All the interesting and learned discussions of religion aside, I think it strikes many of us as hideously ironic that people are protesting the cartoons with such deadly violence.

It makes no more sense than Christians baptising people at sword-point.

10:51 AM  
Anonymous Anonymous said...

I think it strikes many of us as hideously ironic that people are protesting the cartoons with such deadly violence.

Indeed. This violence is undeniable. But it is hardly out of proportion -- it comes as Israel's illegal occupation has gained a horrible gigantic twin in Iraq, and as the invader promises leeringly to march all over the Muslim world to change it to something more to its liking. Everybody's on edge for extremely good reasons and the Danish equivalent of Le Pen just happens to decide to champion "free speech" when it means hating those evil and coincidentally powerless and nonwhite immigrants.
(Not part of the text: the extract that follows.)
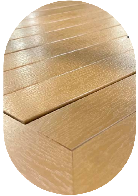
Synthetic Teak Top

But why can't I hear about the fact that these free speech champions are actually anti-immigrant rightist extremists, or that they wouldn't publish cartoons similarly insulting to other religions specifically because of fear of prison or outcry, or that the Muslims did try peaceful protest months ago and it got them only more insults, from any mainstream source?

Why are we always treated like children and asked to disapprove of those unruly blacks who won't stop their unpardonable violence and only later find out that the LAPD was shooting them for sport and none of their complaints were respected?